[Source records]
==============================
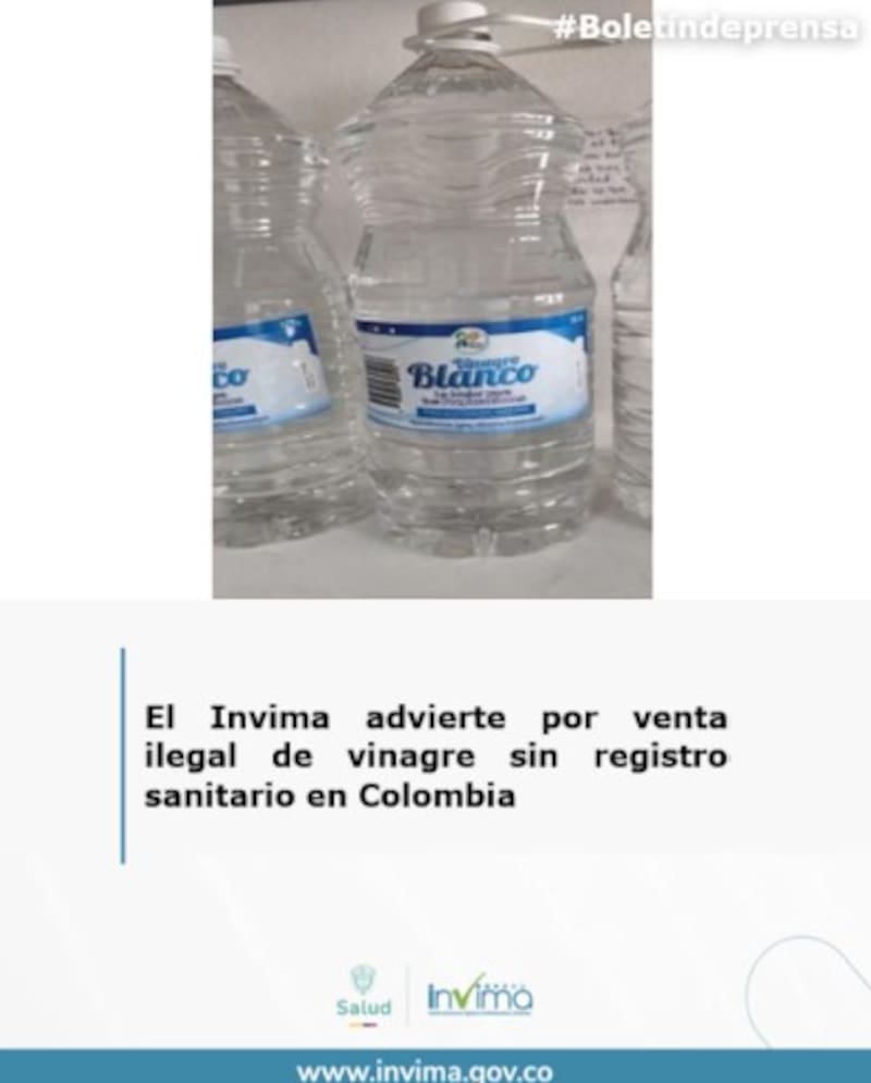 El Invima advirtió que el vinagre blanco se promociona como acompañante de comidas y como insumo de limpieza. Esta doble finalidad puede generar confusión y aumentar el riesgo de consumo inadecuado. La entidad enfatiza que este vinagre es considerado fraudulento y no debe ser comercializado ni consumido bajo ninguna circunstancia.
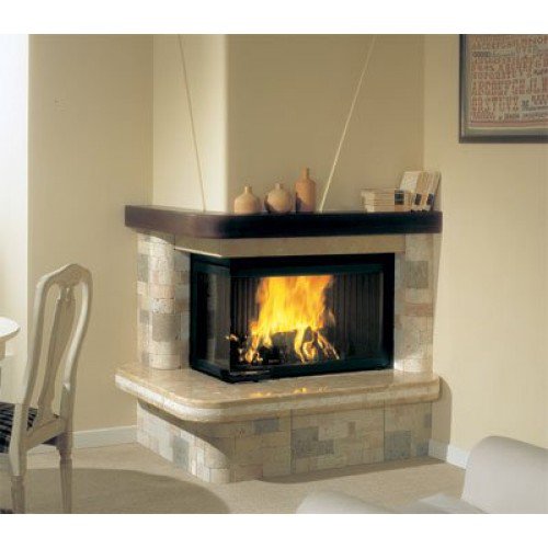 Этот угловой пристенный камин изготовлен из разноцветных кусочков травертина, образующих мозаику. Полка и верхняя горизонталь этой модели выполнены из полированной мраморной крошки Trani. Балка этого камина изготовлена из массива дерева. Эта модель камина станет для Вас и современным домашнем очагом, и необычным элементом Вашего интерьера.
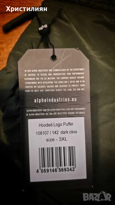 ALPHA INDUSTRIES Logo Puffer яке с качулка 3XL мъжко → Обява 52910373
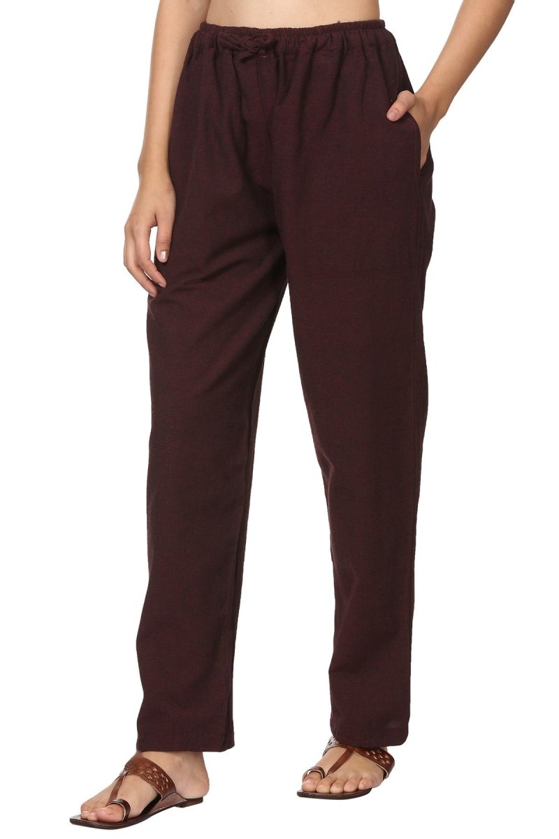 One Size Women's Eco - Friendly Cotton Pyjama | Fits Waist Size 28 to 36 Inches | Maroon - swadeshsouq.com
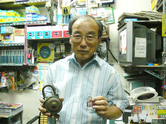 | | | ↑↑ ▲ 과거에 사용하던 대형자물쇠와 소형자물쇠를 보여주는 노재목씨. | | ⓒ 영천시민뉴스 | |
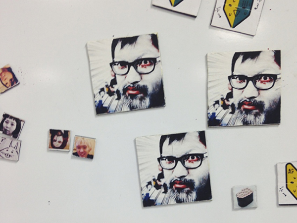 ▲個人のアイコンを使用したマグネット。メガネの男性のマグネットが「antipopさんが見てます」マークです
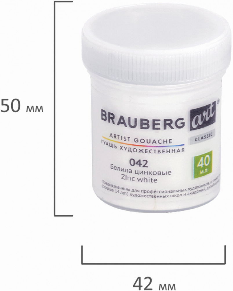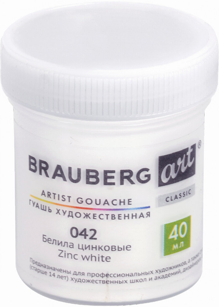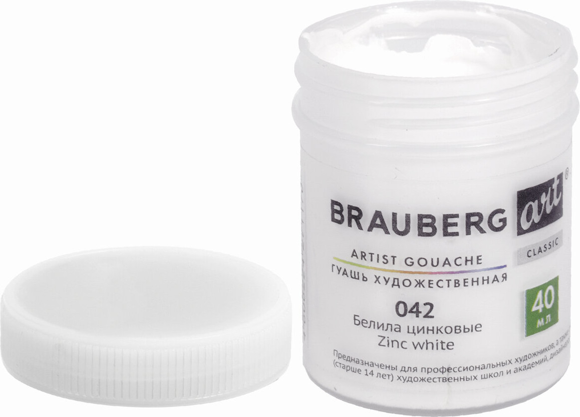 Brauberg Гуашь художественная, 042 белила цинковые+19
==============================
What you will do: Only the lines from the one containing "ALPHA INDUSTRIES Logo" through the final line of the records should be retyped, exactly, with every picture omitted.

Reply to the exercise:
 ALPHA INDUSTRIES Logo Puffer яке с качулка 3XL мъжко → Обява 52910373
 One Size Women's Eco - Friendly Cotton Pyjama | Fits Waist Size 28 to 36 Inches | Maroon - swadeshsouq.com
 | | | ↑↑ ▲ 과거에 사용하던 대형자물쇠와 소형자물쇠를 보여주는 노재목씨. | | ⓒ 영천시민뉴스 | |
 ▲個人のアイコンを使用したマグネット。メガネの男性のマグネットが「antipopさんが見てます」マークです
 Brauberg Гуашь художественная, 042 белила цинковые+19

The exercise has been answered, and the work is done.